Our wallets and purses and what they can or cannot buy have slowly morphed into a metaphor of what we have become.
If we don’t have what’s new, are we really OK? Are we really doing well? Do we need help paying our water bill?
Even if we have objects and appliances that work perfectly fine, why are we still encouraged to buy the newer, “better” thing? Is it because we can and are living a fever dream of swiping the card to purchase something new? Probably, but it seems like we have the urge to crack the wallet on purchases that aren’t necessary more than a couple of times every few months.
And that’s OK, too. I’d say about everyone does it. Call it small-scale conspicuous cosumotion. Or, put another way, just showing off the credit card a little.
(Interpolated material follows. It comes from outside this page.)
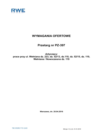 WYMAGANIA OFERTOWE Przetarg nr PZ-397 dotyczący: prace przy ul. Wełniana dz. 223, dz. 52/13, dz.118, dz. 52/15, dz. 119, Wełniana / Nowoczesna dz. 119 Warszawa, dn. 20.04.2016 Wersja 1.0 z dn. 01.01.2016 Przetarg nr PZ-397 1. Dane Ogólne 1.1. RWE Stoen Operator Spółką z ograniczoną odpowiedzialnością z siedzibą przy ul. Pięknej 46, w Warszawie, zwana dalej „Zamawiającym” w imieniu i na rzecz, którego działa: RWE Polska Spółka Akcyjna z siedzibą przy ul. Wybrzeże Kościuszkowskie 41 w Warszawie zaprasza do wzięcia udziału w Przetargu na: Realizacji prac przy ul. Wełniana dz. 223, dz. 52/13, dz.118, dz. 52/15, dz. 119, Wełniana / Nowoczesna dz. 119 Termin realizacji przedmiotu przetargu: 14.09.2016 1.2. O udzielenie zamówienia ubiegać się mogą Oferenci spełniający następujące warunki: 1.2.1. posiadają niezbędne uprawnienia do występowania w obrocie prawym; 1.2.2. pracownicy Oferenta posiadają niezbędne doświadczenie oraz uprawnienia do wykonywania prac będących przedmiotem Przetargu; 1.2.3. w ostatnich 5 latach zrealizowali co najmniej 3 zadania o charakterze i złożoności porównywalnej z zakresem Przetargu; 1.2.4. nie zalegają z płatnościami wobec Urzędu Skarbowego i ZUS oraz znajdują się w sytuacji finansowej pozwalającej na wykonanie przedmiotu Przetargu; 1.2.5. posiadają Certyfikat RWE Stoen Operator w zakresie wykonywania sieci elektroenergetycznych SN i nn; 2. Procedura Przetargowa 2.1. Etap I. Zgłoszenie chęci wzięcia udziału w Przetargu odbywa się na podstawie zeskanowanego wypełnionego i podpisanego Formularza Zgłoszenia (Załącznik 1), który 00 należy wysłać mailem w terminie do 26.04.2016r. do godziny 10 na e-mail: [email protected] 2.1.1. Zamawiający udostępni Oferentom materiały szkoleniowe dot. obsługi Portalu Dostawcy RWE. Po weryfikacji danych Oferenta materiały szkoleniowe zostaną wysłane drogą elektroniczną na adres e-mail podany na Formularzu Zgłoszenia. 2.2. ETAP II. Złożenie ofert za pośrednictwem Portalu Dostawcy RWE: https://supplier.rwe.com/irj/portal/. Oferta powinna zawierać: 2.2.1. wysokość wynagrodzenia za realizację przedmiotu Przetargu. Wycena przedmiotu Przetargu polega na podaniu kwot bez VAT, obejmujących całość przedmiotu Przetargu. Wynagrodzenie musi pokrywać wartość kompletnej realizacji przedmiotu Przetargu, w tym koszty inwentaryzacji, koszty uzyskania wszelkich niezbędnych do rozpoczęcia realizacji przedmiotu Przetargu opinii, uzgodnień, materiałów, pozwoleń, decyzji, itp.; 2.2.2. termin realizacji przedmiotu Przetargu. 2.2.3. Oświadczenie o sytuacji finansowej – odpowiedź na pytania postawione na portalu 2.3. Składanie oferty 2.3.1. Dokumenty wymienione w punkcie 2.2. należy złożyć w terminie do 28.04.2016r. do godziny 00 12 za pośrednictwem Portalu Dostawcy RWE: https://supplier.rwe.com/irj/portal/. 2.3.2. Oferta będzie wprowadzona do Portalu w języku polskim przez uprawnionego przedstawiciela Oferenta. 2 ... Przetarg nr PZ-397 2.3.3. Wszystkie oferty otrzymane przez Zamawiającego w formie innej niż za pośrednictwem Portalu Dostawcy RWE lub po terminie podanym powyżej nie będą rozpatrywane. 2.4. Pozostałe wymagania 2.4.1. Oferta zostanie przesłana bezpłatnie oraz w sposób niewiążący dla Zamawiającego. 2.4.2. Zaleca się, aby Oferent zdobył wszelkie informacje, które mogą być konieczne do przygotowania oferty oraz zaakceptowania umowy. 2.4.3. Każdy Oferent przedłoży tylko jedną ofertę sam lub jako reprezentant spółki. Oferent, który przedłoży więcej niż jedną ofertę zostanie wyłączony z postępowania. 2.4.4. Przy wyborze oferty Zamawiający będzie kierował się następującymi kryteriami: Cena ……………………………………………85% System oceny dostawców ………………………………….15% UWAGA – Oferent może zaproponować Zamawiającemu termin płatności inny niż 30 dni, tj. 45 lub 60 dni od daty otrzymania faktury. W takim przypadku w ramach kryterium cena łączna, przy wyborze oferty Zamawiający uwzględni przedstawiony przez Oferenta termin płatności Zaoferowanie terminu płatności 45 dni lub 60 dni zwiększy atrakcyjność oferty poprzez uwzględnienie stopy zwrotu z kosztu kapitału. 2.4.5. W szczególnie uzasadnionych przypadkach, przed upływem terminu składania ofert Zamawiający może zmodyfikować treść dokumentów Przetargowych. Każda wprowadzona przez Zamawiającego zmiana zostanie opublikowana na stronie internetowej Zamawiającego w dziale Przetargów. Zamawiający może przedłużyć wówczas termin składania ofert w celu umożliwienia Oferentom uwzględnienia w przygotowywanych ofertach otrzymanych zmian. W tym przypadku wszelkie prawa i zobowiązania Zamawiającego i Oferenta odnośnie wcześniej ustalonego terminu będą podlegały ewentualnemu nowemu terminowi. 2.4.6. Termin związania ofertą handlową wynosi 30 dni od daty jej złożenia. 2.4.7. Oferent może wprowadzać zmiany lub wycofać złożoną przez siebie ofertę do końca wyznaczonego w pkt. 2.2.1 terminu składania ofert Oferent nie może wycofać oferty i wprowadzać zmian w ofercie po upływie terminu składania ofert. 2.4.8. Wszystkie oferty będą oceniane przez Komisję Przetargową. 2.4.9. Komisja Przetargowa odrzuca oferty: a) nie odpowiadające w sposób oczywisty warunkom Przetargu; b) złożone bez wymaganych lub kompletnych dokumentów; c) nieczytelne lub budzące wątpliwości co do ich treści; d) złożone po terminie. 3 ... Przetarg nr PZ-397 2.4.10. Wybrany oferent zostanie powiadomiony o zasadach zawarcia umowy. Przetarg uznaje się za rozstrzygnięty w dniu zawarcia umowy z Oferentem, którego oferta została wybrana. 3. Postanowienia Końcowe 3.1. Zamawiający nie przewiduje stosowania preferencji. Wszyscy Oferenci ubiegający się o realizację przedmiotu Przetargu będą traktowani na równych prawach z zachowaniem zasad uczciwej konkurencji. 3.2. Zamawiający zastr

Can we help ourselves? We live in a culture where we’re taught to reward ourselves after a straining day or week. It’s a good marketing strategy that some call “self-care,” which is good in theory, but nowadays it feels like every day is more straining than the other. Or maybe I have yet to adjust to this pandemic or that adulting thing I keep at arm’s length over there in the corner.
Anyway, we also live in a world where we are bombarded with new things constantly. They’re everywhere. The internet is plastered with advertisements often catered specifically to ourselves – which I have an issue with, but that’s for another day. Heck, our friends and family can even persuade us to buy things. That’s free advertisement. It’s great. It’s an addiction, seeing what’s new and good. The old plastic aroma that sweeps from new purchases – something that a candle could never replace.
According to an article from PBS, “The Rise of American Consumerism,” this all started after the second World War. The guys came home to a nation that rose from the ashes of the Great Depression into one that was flourishing because of consumer jobs. So, Americans began buying things that they needed (and didn’t) to support the jobs and the new prosperity supported by the war effort itself. It was the American thing to do. And that makes sense.
But this same buying tradition hasn’t really left us, though many products that we purchase are not even made in the good ol’ USA. Is it still the patriotic thing to do? I’m not sure, but I’m thinking no.
Buying? It’s who we are, what we have become. What we have and what we don’t. It’s all a look. The amount that we are persuaded to spend on something we don’t really want signifies our worth. Or so we are led to believe. Our consumer society has become one of the biggest scammers I’ve ever seen. Sure, we don’t need it, but we’ll buy it to show others. It’s not our fault. It’s the culture, and most want to join in on the conversation about what they like or don’t like after purchasing that new, shiny and wholly unnecessary object.
It’s a curse. Sure, it may be a blessing in disguise for the economy, but where do we draw the line of giving mega companies what they want and what we do not need? Where do we find middle ground? Can’t we live simply?
I don’t know. In the pre-Covid world, I was just a girl who used to go to the store to admire, touch and fall in love with garments I knew I wasn’t going to buy – maybe.